Friday, October 3, 2014

Changing the World



As most of you know, from reading this blog, after Dylan was born he stayed at Children's Hospital's NICU.  I was not able to see him right away since I had to have a c-section and had to recover, and he was not stable enough to leave the NICU.

As you can imagine, there was a whirlwind of people in and out.  Checking in on me, checking in on Dylan. Poor Patrick had to run back and forth to update me on what was happening with Dylan, as I was still in recovery.

Right after Dylan was born, a doctor went to talk to Patrick about Dylan's lungs.  They hadn't fully matured and he needed help breathing.  He got some surfactant (Thanks to all the research the March of Dimes does!) to help get his lungs stronger. There was another doctor, a resident, there as well (Patrick remembers she was blonde lol).  However, Dylan was born in the midst of a doctor switch.  The attending doctors switch every 2 weeks and the residents every 4 and we are VERY thankful that they did.

Patrick remembers meeting *Sally (name changed for privacy), but he was still exhausted from the whole experience so the details are a tad foggy.  I should ask Sally what she remembers!

We didn't love the attending.  He was very cold, and I think both Patrick and I felt like just another cow in the herd...

However, Sally on the other hand, was amazing.  We could both tell right away that she took to Dylan right away and never made us feel rushed or that we were less important than any other family she was taking care of.  I for sure felt safe with her. I trusted her right away with my baby boy, and to any mother out there reading this, you know how difficult that is.

Because I have a strong science, and somewhat strong medical background, I was probably one of the most annoying NICU parents there.
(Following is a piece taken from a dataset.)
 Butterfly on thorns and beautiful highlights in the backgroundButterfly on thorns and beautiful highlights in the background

I made sure to get to the hospital early enough in the morning to hear the attendings round on Dylan, and as you can imagine, I always had a list of questions...Why are you giving A, B, or C? What caused his HR to dip down? etc... They learned quickly that I knew the terminology and had ZERO problem voicing any question or concern.  What I appreciated was they started making sure I was okay with the plan, and the treatment course. Checking to see if I had any questions before moving forward. Sally always came back after rounds to make sure we had a good understanding of what was going on, and watched over Dylan when we were home.

For those 4 weeks, we felt like Dylan was in the best possible hands possible all because of Sally.  We started up with a new attending 2 weeks in, and had to start all over with a new person learning about the in's and out's of treating our boy.  But we took comfort in knowing Sally knew all that and would speak up when necessary.  When her 4 weeks were up, we knew there would be HUGE shoes to fill and we were dreading the switch.  She wrote us a sweet card (that I still have!) and gave Dylan an adorable football onesie (even though she isn't rooting for the same NFL team--GO PACK!) on her last night with Dylan. We went home worrying about who would be watching over Dylan now.
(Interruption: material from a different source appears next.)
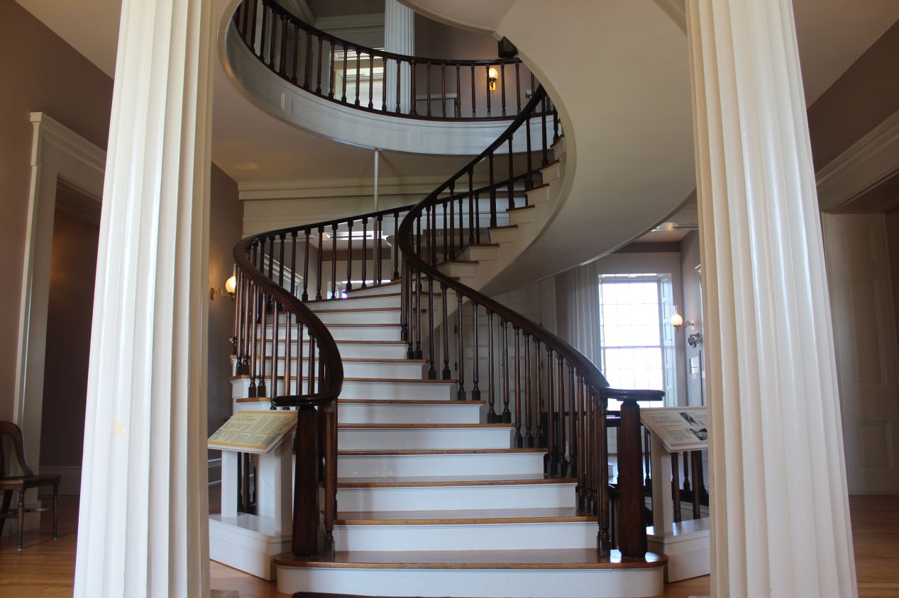The Iowa Old Capitol Building was modeled after the Old State Capitol building in Springfield, Illinois where I had just been the day before. Both of them were designed in the Greek Revival style with a facade of classical pillars at the entrances and a central dome at the top. The Iowa Old Capitol Building seemed to have aged much better over time than its counterpart, and it appeared in pristine condition when I visited. The interior of the building had the same design as well, with a central staircase immediately greeting visitors and leading up to the second floor. The ground floor contained the original home of the Iowa Supreme Court, the humble-looking room with the white fence running across the center. This was also where the Iowa state government was once housed, with the first three governors in Iowa's history working out of the blue-colored room pictured above. The governor's office was then later used as the administrative office of the university president for several decades before being restored and transformed into a museum.
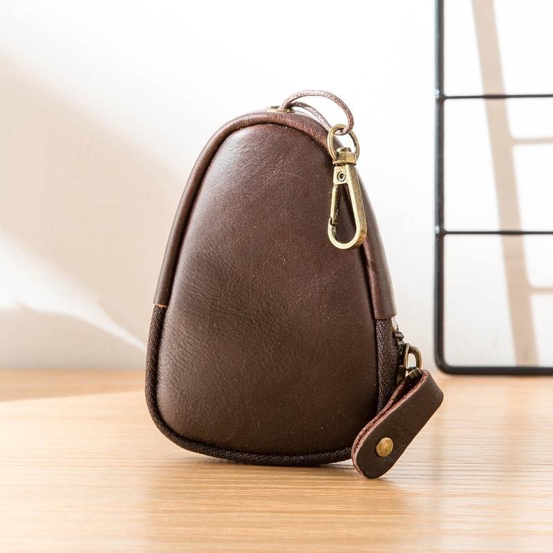 Design: Black Handmade Leather Mens Brown Small Wallets Car Key Wallet Dark Brown Coin Purse For Men

Sally's next rotation was Palliative care.  The Palliative team at our local Children's hospital is the absolute best.  They are the most caring and compassionate people in the world, and not everyone is capable of performing this job. There are special places in Heaven for these people.  Even though Sally was no longer Dylan's NICU resident, we were being taken care of the Palliative team, and Sally came by every single day to check in on Dylan and me.

There was another doctor there that would take care of Dylan on the overnights and on some weekends, and we immediately liked this guy. There was no way not to like him.  Just a genuine, caring person, who shined from the inside out. *James (name also changed for privacy) was such a character.  He made us laugh or smile when we needed it, and he was caring and serious when we needed that.

Both Sally and James are in the right profession.  Sure smart people can go and become doctors...but you need that compassion chip and bedside manner that not all of them have.  And when you have a sick baby/child, you REALLY notice that missing chip. These two not only have the chip, but it oozes out of their pores! :)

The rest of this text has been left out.